Today we want to present to you our next concert at the Philharmonie, on 29 April 2019. It is planned around the theme of transience. Spring and summer are the most lovely synonyms for the richness of life and abundance, for growing and flourishing; but at the same time, they are a “memento mori”, a reminder of death and the transitory nature of human life. At the heart of the programme stands Robert Schumann’s grandiose Spring Symphony, overflowing with vital energy.
A new discovery, on the other hand, is a composer who is almost completely forgotten today and has disappeared from the concert programmes: Joachim Raff. He was a colleague of Johannes Brahms and Robert Schumann, and during his lifetime, one of the most successful composers in the German-speaking world. His contemporaries considered him the equal of Wagner and Brahms. His Ninth Symphony, entitled “In Summer” is one of his best-known works, and it would be well worth performing the complete symphony at one of our concerts. While that would go beyond the scope of this programme, we are pleased to present the first movement, “A Hot Day”, to you. Almost as an overture, as an appetizer.

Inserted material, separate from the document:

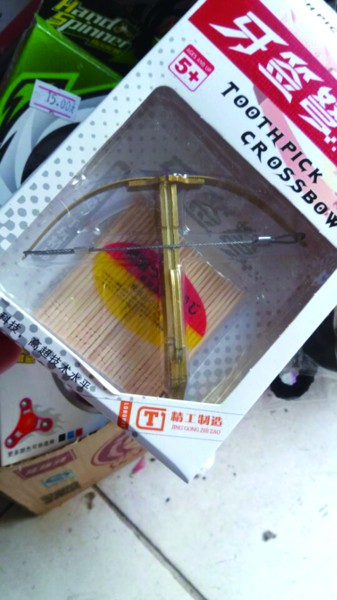 記者在濟(jì)南市區(qū)幾所學(xué)校附近的小商店并沒有見到這種“牙簽弩”。但隨后,濟(jì)南科苑小學(xué)、義和小學(xué)、名士小學(xué)的家長(zhǎng)告訴記者,他們?cè)趯W(xué)校附近的小商店里的確看到過這種“牙簽弩”有銷售。

In some respects the solo concerto also fits in with our theme, as it plays with the notion of time. It is called “Frozen in time”, and features an instrument or family of instruments which, like salt in soup, plays an indispensable yet rarely noticed role in orchestral music – and hardly ever makes an appearance as a solo instrument: the percussion. Percussionist Christoph Sietzen, a Luxembourger born in Salzburg, is a master of his craft, and we are grateful to him for finding time to take part in our concert.